McAfee Debuts iOS Data Protection Software

The company's WaveSecure software duplicates some of functions of Apple's Find My iPhone, but it also simplifies switching to Android or other mobile platforms, at least in part.

Thomas Claburn, Editor at Large, Enterprise Mobility

August 12, 2011

3 Min Read

McAfee on Monday plans to bring its mobile data protection software to consumers using Apple's iPhone. The computer security company will be offering its WaveSecure application through Apple's iTunes App Store for $20.

The iOS edition of WaveSecure is similar in most respects to the Android version, introduced in September 2009.

Although security issues have been more common on Android devices than iOS devices, WaveSecure doesn't offer malware mitigation technology. Rather it offers consumers some of the remote administrative capabilities found in enterprise mobile management software, capabilities best appreciated when one's phone is lost or stolen. Reliable statistics about the number of mobile phones lost or stolen annually are scarce, but it's safe to say that many millions of people confront this problem every year.
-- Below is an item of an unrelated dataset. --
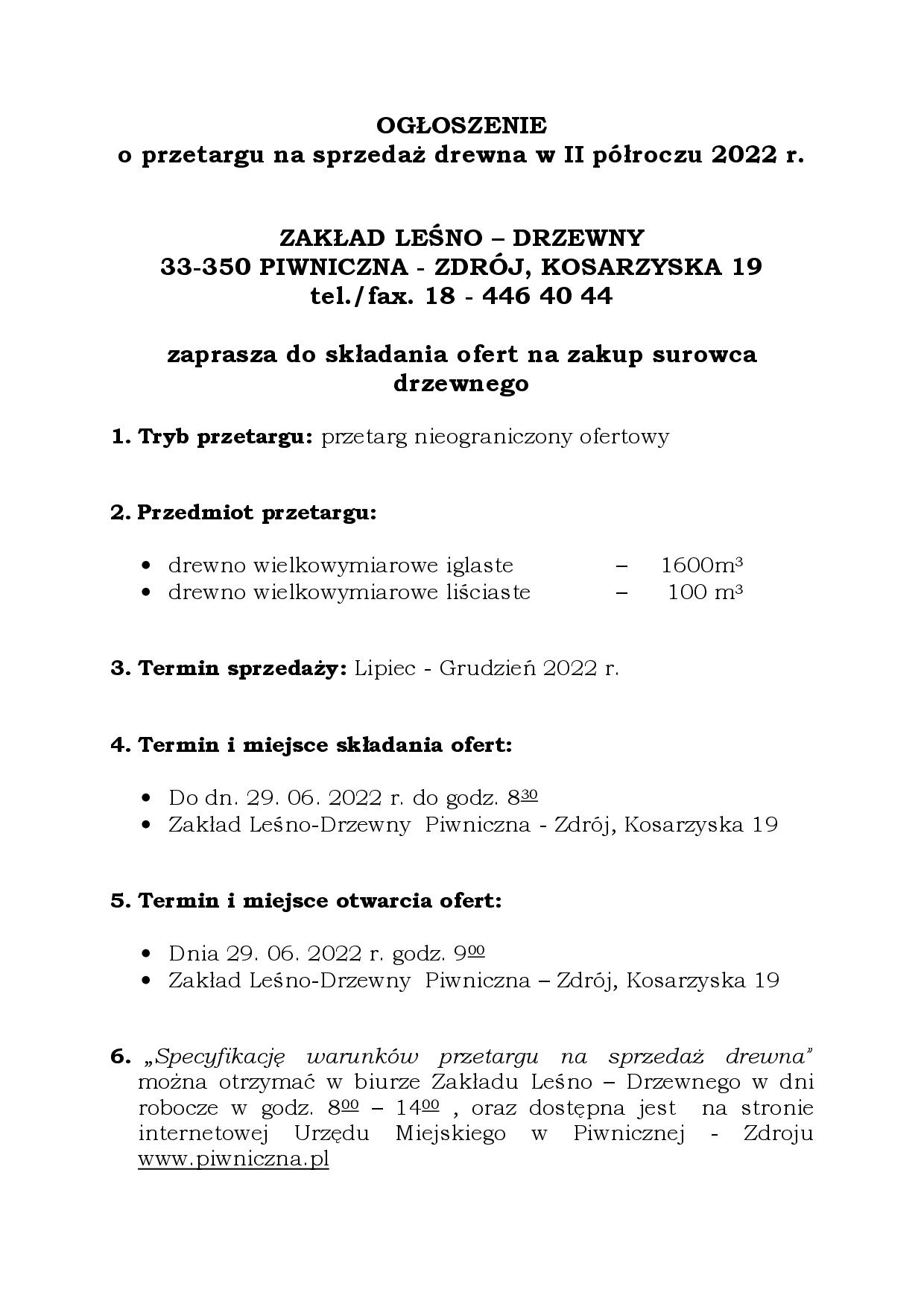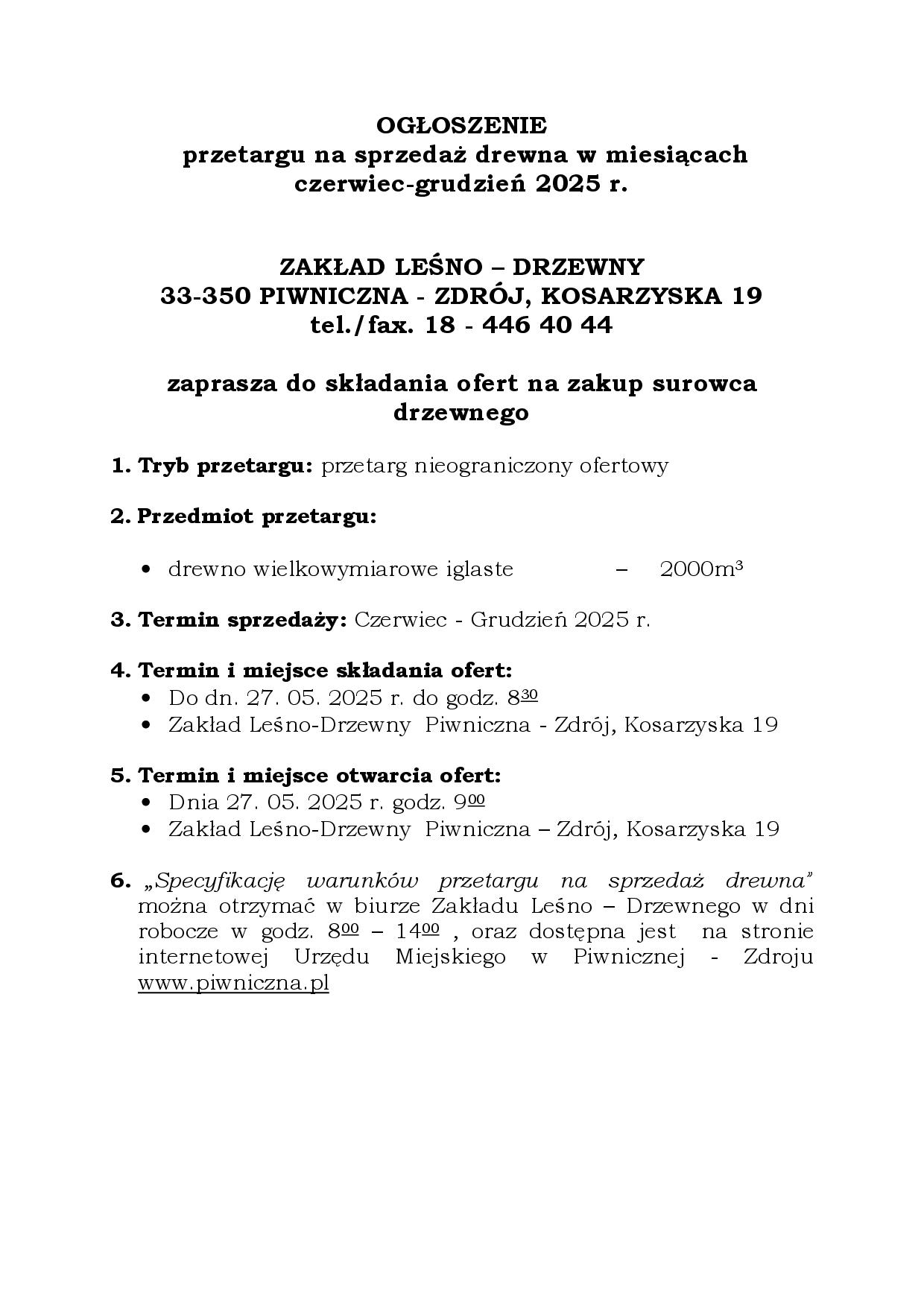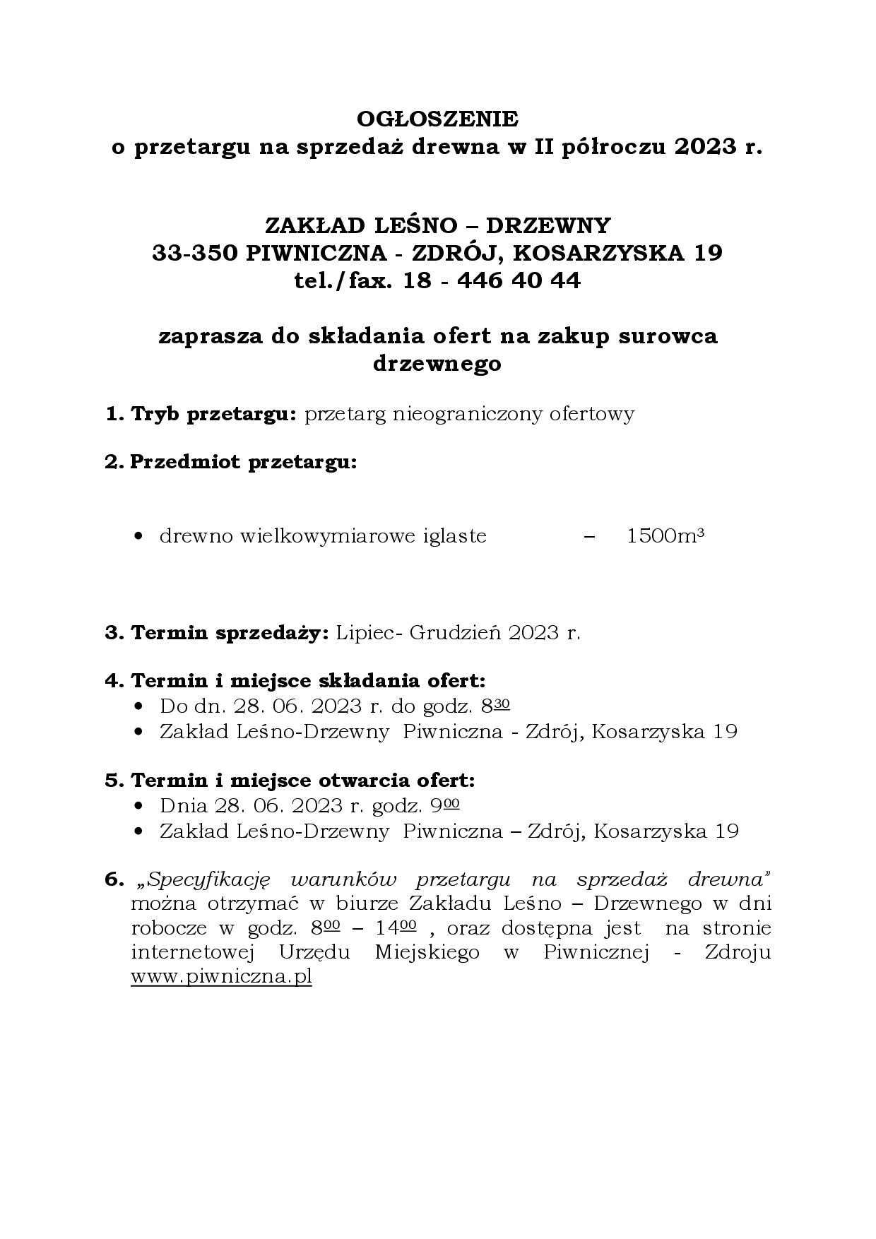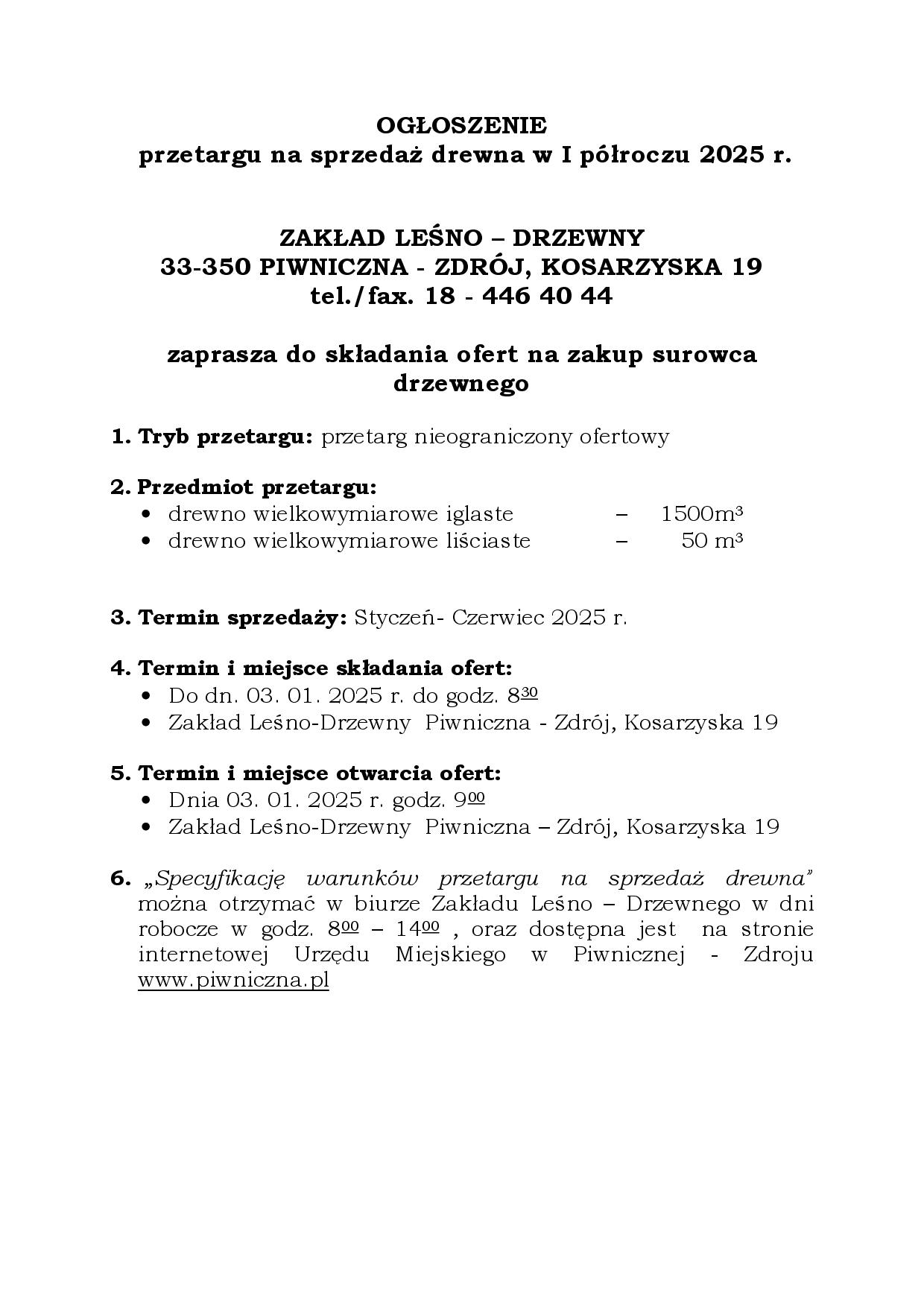 6.„Specyfikację warunków przetargu na sprzedaż drewna” można otrzymać w biurze Zakładu Leśno – Drzewnego w dni robocze w godz. 800 – 1400 oraz dostępna jest na stronie internetowej Urzędu Miejskiego w Piwnicznej - Zdroju www.piwniczna.pl

"Consumers use their mobile devices to hold some of the most important details of their life," explained McAfee co-president Todd Gebhart in a statement. "McAfee WaveSecure software works seamlessly to secure, back up, and wirelessly restore content on the device via the online portal. So even if the device is lost, stolen, or damaged, or even if users accidentally delete their data, the data remains safe and easily accessible."
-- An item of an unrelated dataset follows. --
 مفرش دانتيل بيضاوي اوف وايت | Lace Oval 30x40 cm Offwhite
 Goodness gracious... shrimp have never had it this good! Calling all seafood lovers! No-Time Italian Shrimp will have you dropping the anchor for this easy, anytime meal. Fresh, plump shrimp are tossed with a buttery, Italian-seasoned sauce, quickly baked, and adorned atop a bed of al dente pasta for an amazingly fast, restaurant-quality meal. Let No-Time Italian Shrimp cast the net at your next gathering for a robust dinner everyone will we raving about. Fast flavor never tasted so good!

WaveSecure for iOS allows users to backup their contacts, photos, and videos, and to restore their contacts, from McAfree's WaveSecure website. It also offers the ability to track and locate a lost or stolen iPhone, provided the device is connected to a carrier or Wi-Fi network, and to remotely wipe one's contacts.
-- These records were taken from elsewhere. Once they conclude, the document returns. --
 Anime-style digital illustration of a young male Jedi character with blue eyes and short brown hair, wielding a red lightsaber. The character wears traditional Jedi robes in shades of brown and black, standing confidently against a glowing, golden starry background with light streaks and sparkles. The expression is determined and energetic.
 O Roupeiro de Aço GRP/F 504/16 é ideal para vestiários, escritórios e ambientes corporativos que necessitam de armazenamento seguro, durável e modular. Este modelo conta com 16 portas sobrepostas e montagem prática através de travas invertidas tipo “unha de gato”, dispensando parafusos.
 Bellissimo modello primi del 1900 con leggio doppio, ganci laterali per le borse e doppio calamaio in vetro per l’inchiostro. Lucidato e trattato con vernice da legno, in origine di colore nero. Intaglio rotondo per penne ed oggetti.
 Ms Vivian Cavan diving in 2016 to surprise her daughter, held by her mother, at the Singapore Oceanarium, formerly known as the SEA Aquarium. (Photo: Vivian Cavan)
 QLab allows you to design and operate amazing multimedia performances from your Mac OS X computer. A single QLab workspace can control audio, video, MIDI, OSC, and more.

The iOS version however lacks some of the features available in the Android version: SMS and call log backup and restore, SIM tracking, and remote locking with an alarm.

"The WaveSecure product for iOS is somewhat different than on other platforms due the limitations set forth by Apple," said Lianne Caetano, director of product marketing for McAfee consumer mobile solutions, in an email. "iOS doesn’t have remote wipe. The wipe is a local wipe, which has to be triggered from the app."

Apple has long offered a similar service called Find My iPhone, initially for a fee through its MobileMe service, and subsequently for free. Find My iPhone, which also works for recent model iPods as well as iPads, allows users to locate iOS devices on an online map, to send a message to iOS devices or play a sound, and to remotely trigger the erasure of data on iOS devices, given an active network connection.

Other vendors like Microsoft, as well as mobile carriers and third-party security vendors, also offer phone tracking and data wiping solutions.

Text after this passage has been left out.